Consider $u_{99} = (\frac{1+\sqrt{5}}{2})^{100} + (\frac{1-\sqrt{5}}{2})^{100}$. If we multiply by $\frac{1+\sqrt{5}}{2}$ we get $(\frac{1+\sqrt{5}}{2})^{101} + (\frac{1-\sqrt{5}}{2})^{100}\cdot \frac{1+\sqrt{5}}{2}$, which is almost $u_{100} = (\frac{1+\sqrt{5}}{2})^{101} + (\frac{1-\sqrt{5}}{2})^{101}$, with a tiny error of $(\frac{1-\sqrt{5}}{2})^{100}\cdot \sqrt{5}$. Some high precision calculation gives:

$$u_{99} \cdot \frac{1+\sqrt{5}}{2} = 792070839848372253127 \cdot \frac{1+\sqrt{5}}{2} = \\ =1281597540372340914251.00000000000000000000282306564641\ldots $$ while $\ \ u_{100} = 1281597540372340914251$

The same thing works in general.

Answer 5

$S_n=\phi^n$ and $S_n=(-\phi)^n$ are two solutions of the Fibonacci recurrence $S_n+S_{n+1}=S_{n+2}$, because $1+\phi=\phi^2$ and $1-\phi^{-1}=\phi^{-2}$.

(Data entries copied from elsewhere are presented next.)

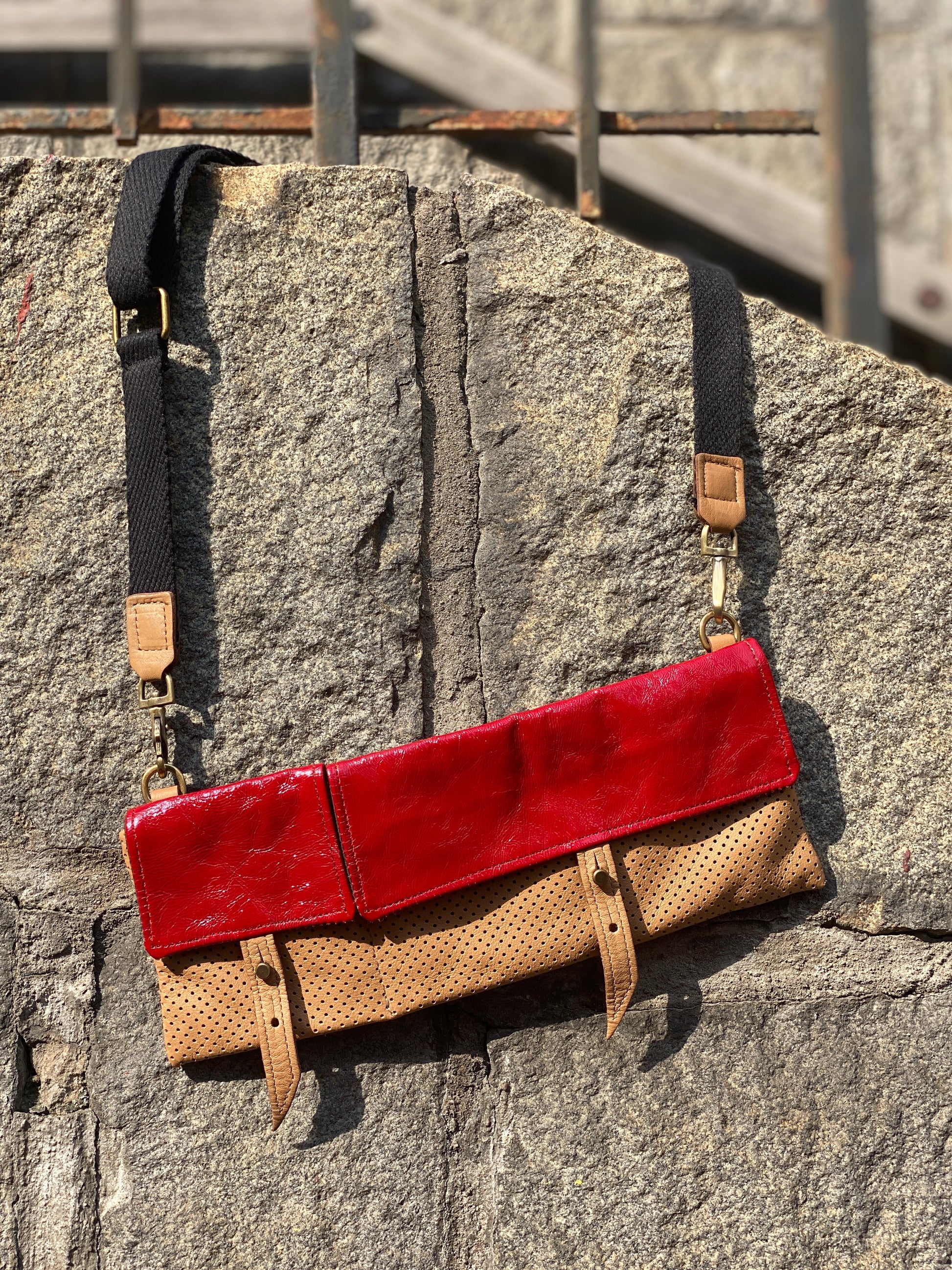 Twin-Pack Bag - a lightweight and practical unisex bag that can be worn comfortably across the body. This bag is easy to use that it will quickly become your go-to accessory. The perforated leather gives it a sporty look, and the brilliant red stands out beautifully in contrast. The pockets are fully lined.
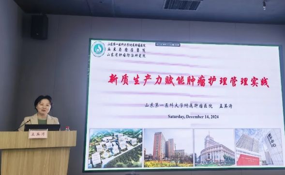 山东省肿瘤医院护理部主任孟英涛教授分享了《新质生产力赋能肿瘤护理管理实践》的专题讲座。孟英涛指出,新质生产力是指以科技创新为核心,以信息化、智能化为手段,高科技、高效能、高质量的先进生产力。在肿瘤护理管理实践中,提出了STAR创新管理模式,以服务、技术、管理、学科整合多方面为一体,为患者提供更加优质、高效、精准、专业的护理服务。
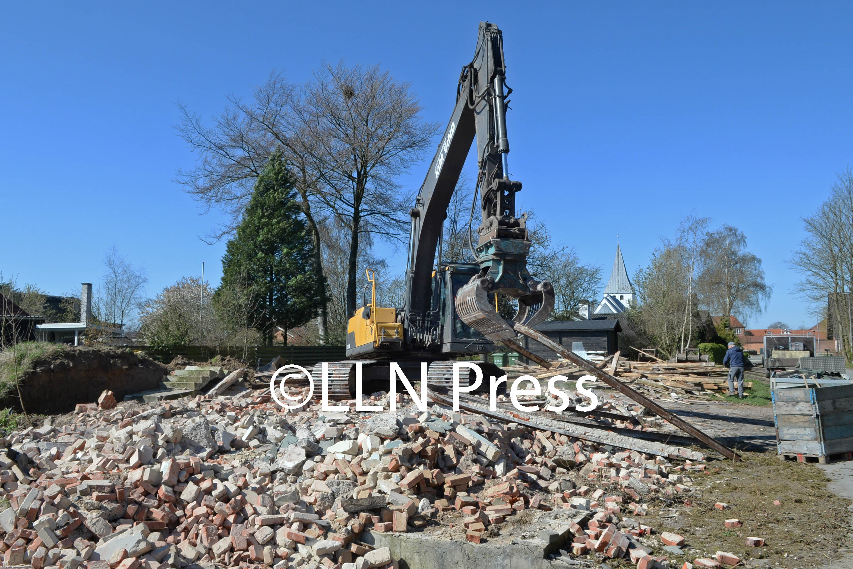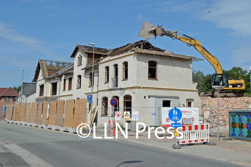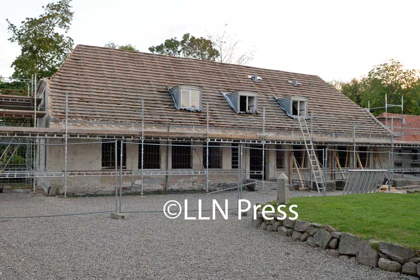 Nu brækkes det gamle alderdomshjem ned, men nogle af tagstenene genbruges i det nye byggeri.

By linearity, any combination $S_n=a\phi^n+b(-\phi)^{-n}$ is also a solution. You can adjust $a$ and $b$ to match any two initial values. For instance,

$$S_0=3=a\cdot1+b.1,\\S_1=4=a\cdot\phi-b.\phi^{-1},$$ giving $$a=\frac{3\phi^{-1}+4}{\phi+\phi^{-1}},\\b=\frac{3\phi-4}{\phi+\phi^{-1}}.$$ For growing $n$ the powers of $-\phi$ quickly become neglictible (except if $a=0$), and $$S_n\approx a\cdot\phi^n,$$a geometric progression of ratio $\phi$.

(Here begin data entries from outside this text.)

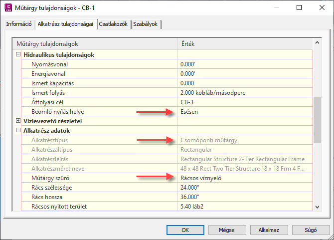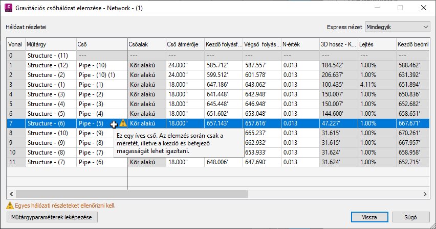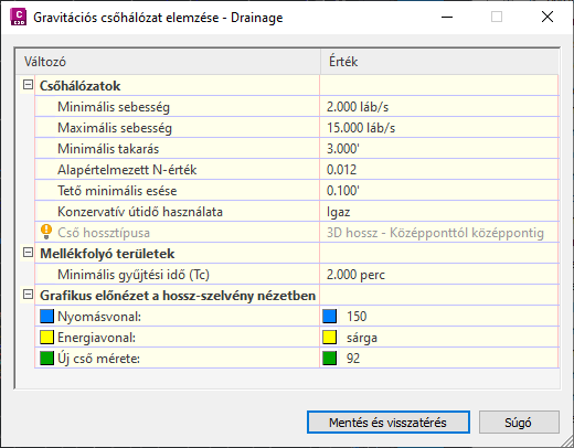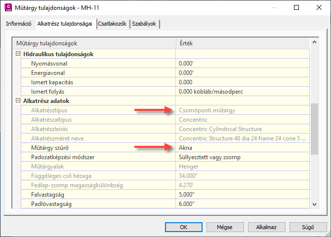 További információ: Csatornaműtárgyak paramétereinek leképezése gravitációs hálózati elemzéshez.
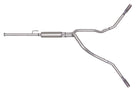 For the extremist who wants to take their truck to the next level, this dual bolt-on Cat back system is for you. This system exists behind the rear tires at an aggressive angle with a powerful exhaust tone. You will gain bold street looks with powerful dyno tuned and tested street performance gains. You can expect to experience gains on average of 15-20 horsepower. Gibson muffler provides a mean performance sound and complemented with polished Stainless Tip. Easy bolt-on installation. No welding required. Backed by a Lifetime Limited Warranty. If you want Extreme, this system is it.
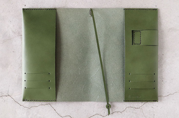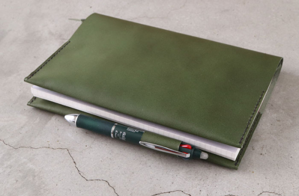 A5レザーノートカバー松葉~上質な牛本革のノートカバー~ 名入れ可能
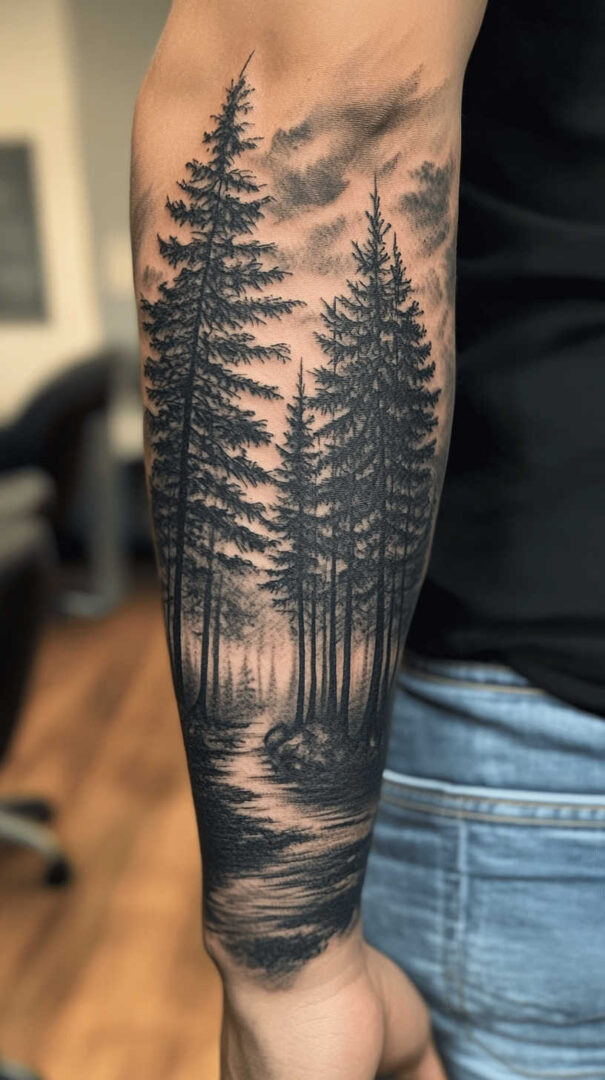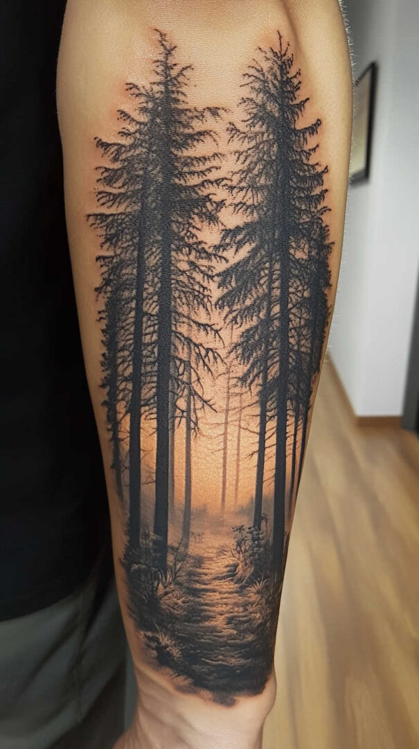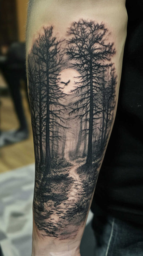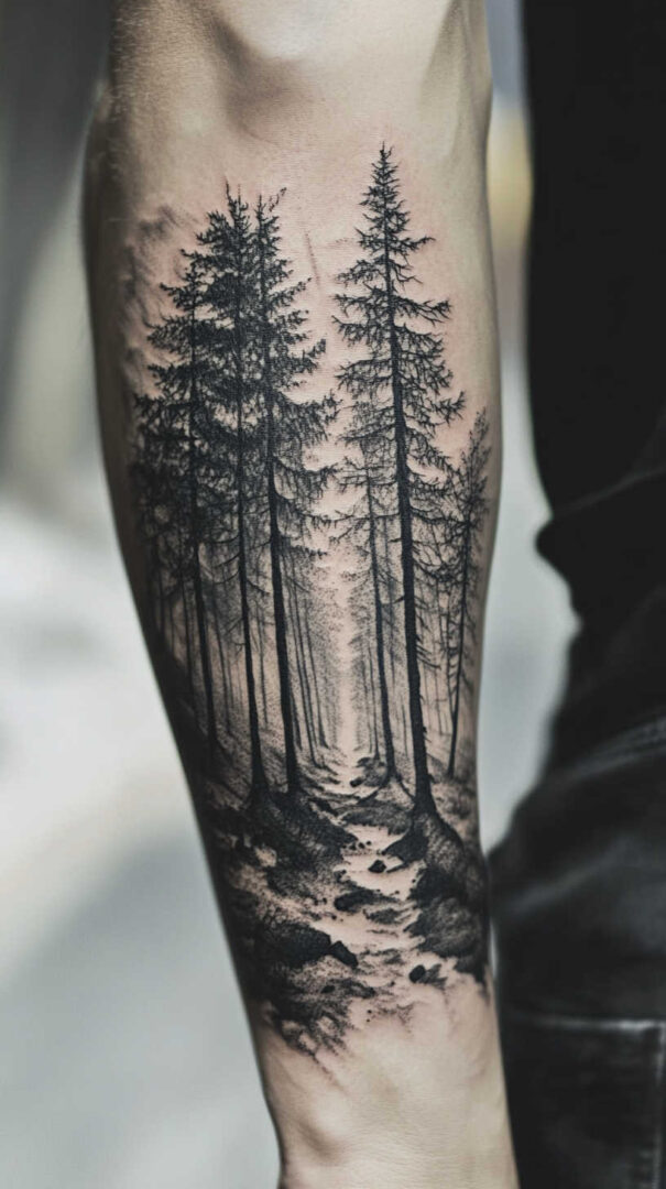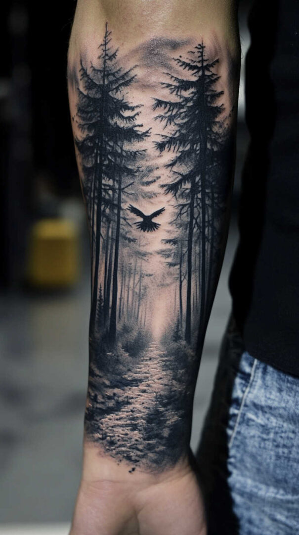 - Forearm / Half Sleeve — Vertical forest path or single ancient tree for graceful length.

$$\begin{align} & S_n & a\phi^n\ \ \ \ \ \ \ \ \\ & 3 & 2.61803398875 \\ & 4 & 4.23606797750 \\ & 7 & 6.85410196625 \\ & 11 & 11.0901699437 \\ & 18 & 17.9442719100 \\ & 29 & 29.0344418537 \\ & 47 & 46.9787137637 \\ & 76 & 76.0131556175 \\ & 123 & 122.991869381 \\ & 199 & 199.005024999 \\ & 322 & 321.996894380 \\ & 521 & 521.001919379 \\ & 843 & 842.998813759 \\ & 1364 & 1364.00073314 \\ & 2207 & 2206.99954690 \\ & 3571 & 3571.00028003 \\ & 5778 & 5777.99982693 \\ & 9349 & 9349.00010696 \\ & 15127 & 15126.9999339 \\ & 24476 & 24476.0000409 \\ \end{align}$$

Answer 6

Let $s_n$ be such a sequence, and suppose the limit exists. Then,

$$ L = \lim_{n \to \infty} \frac{s_n}{s_{n-1}} = \lim_{n \to \infty} \frac{s_{n-1} + s_{n-2}}{s_{n-1}} = 1 + \left( \lim_{n \to \infty} \frac{s_{n-1}}{s_{n-2}} \right)^{-1} = 1 + L^{-1}$$

We see the limit is nonzero and noninfinite, and thus we can simplify to $L^2 - L - 1 = 0$, meaning that either $L = (1 + \sqrt{5})/2$ or $L = (1 - \sqrt{5})/2$.

There is actually a counterexample to your hypothesis! Suppose we define

• $s_0 = 1$
• $s_1 = (1 - \sqrt{5})/2$
• $s_n = s_{n-1} + s_{n-2}$

Then you will find that the limit converges to $(1 - \sqrt{5})/2$.